| |
Constipation-predominant IBS
Irritable bowel syndrome (IBS) is
a common disorder of the intestines where patients suffer
with symptoms such as cramping abdominal pain, bloating,
flatulence and change in bowel habit - all suggestive
of a chronic bowel flora infection (see The Unhealthy
Human Bowel Flora). Those with constipation-predominant
IBS (difficult or infrequent bowel movements) typically
suffer bloating especially after meals, abdominal pains
at times, tiredness, nausea, gas, reflux and in some situations
headaches. The problem is known not to be caused by lack
of fibre in the diet, inactivity or lack of water intake.
However, many lay-people will advise the suffering patient
to increase exercise levels and to drink more water in
spite of the fact that this rarely helps. In those with
mild constipation, increase of fibre intake can improve
some symptoms, the fibre acting as a drug, but can worsen
symptoms in others, particularly aggravating bloating.
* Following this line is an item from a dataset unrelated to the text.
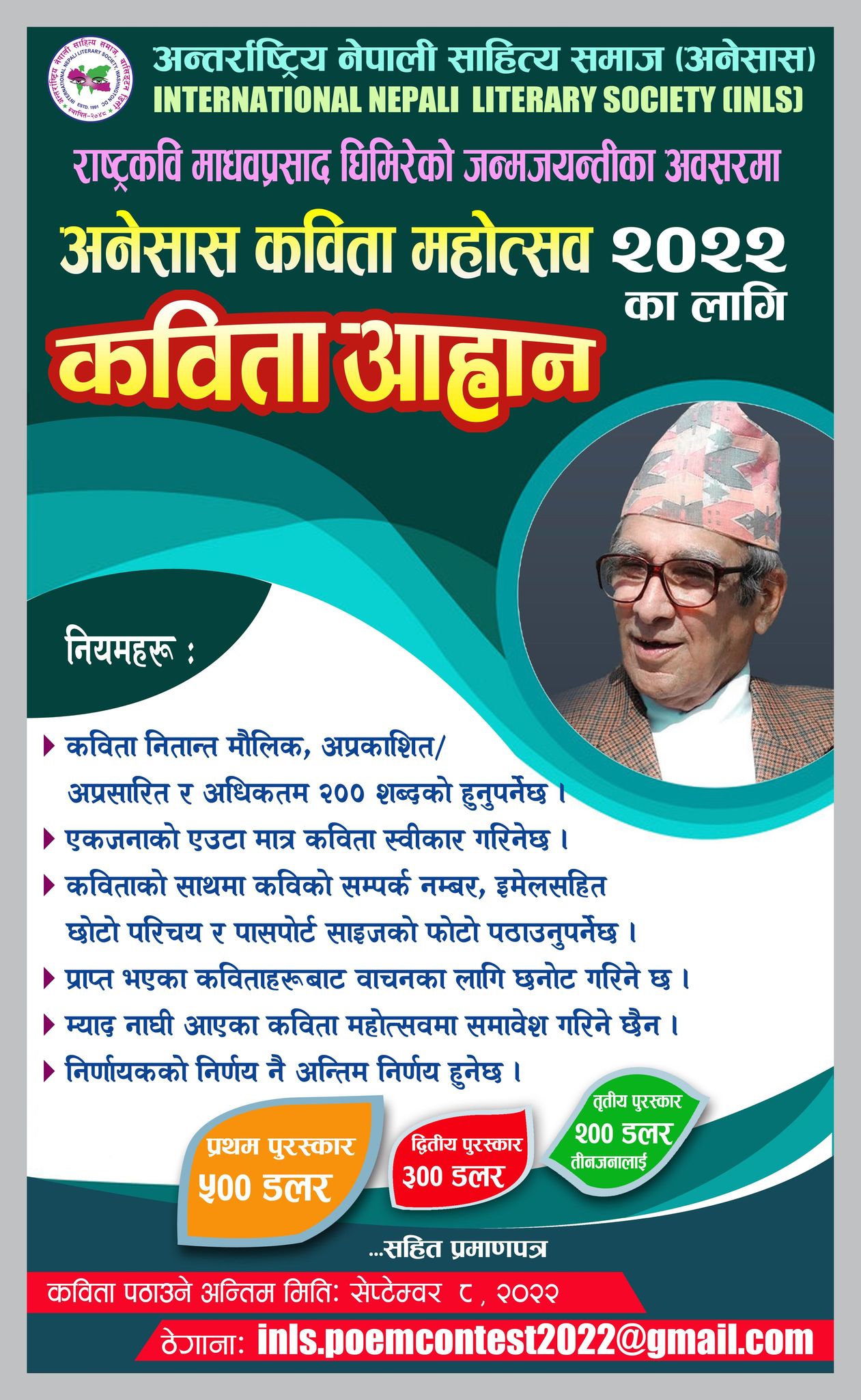 त्यसैगरी कविता पठाउने अन्तिम मितिः सेप्टेम्वर ८ , २०२२ र कविता पठाउने ईमेलः [email protected] रहेको पनि आयोजकले जनाएका छन् ।

From accumulating evidence it is most likely that constipation
is acquired as a bacterial infection of the bowel flora
with the most likely culprit being a clostridium. The
reasoning behind this takes into account the fact that
constipation is a chronic, often hospital-acquired problem,
eg. 10% of patients after a hysterectomy,14,
15
that improves significantly with the use of anti-clostridial
agents such as vancomycin,16,
17
and can be reversed to normality after removing the infected
constipated flora and replacement with an HPI.18,
19
The PTRC is not aiming to treat mild or moderate forms
of constipation but rather focuses on those patients in
whom currently available standard therapy such as fibre,
paraffin oil, motility stimulants, and other measures
have failed to give the patient adequate relief. Several
laxatives cause the bowel to become 'black' called pseudomelanosis
and patients can develop insensitivity or become resistant
to these medications over time. Hence, HPI offers a therapy
of last resort to patients where other therapies for constipation
have been ineffective or where symptoms continue in spite
of treatment.
On the basis that constipation is
an infection of the bowel flora with a 'yet-to-be-described'
clostridial bacterium, which also appears to have spores,
a course of vancomycin can dramatically improve the
constipation 16, 17
but is unable to cure the infection except on rare occasions.17
HPIs can be carried out in several ways. Most commonly
a short course of antibiotics is given to reduce the
bacterial load in the bowel and the mucosal surfaces
of the bowel, then the flora is removed by a lavage
solution consumed by the patient similar to that carried
out prior to colonoscopy. The bowel flora is then replaced
by a series of enemas so implanting new bacteria to
eradicate the presumed clostridial spores by the incoming
flora - which is known to eradicate C. difficile spores.6,
7
This treatment has major advantages over laxative therapies
because it can be curative and also alleviate other
motor, fermentative and peristalsis abnormalities such
as slow gastric emptying, reflux, bloating, nausea,
dysphagia and in some patients, chronic tiredness.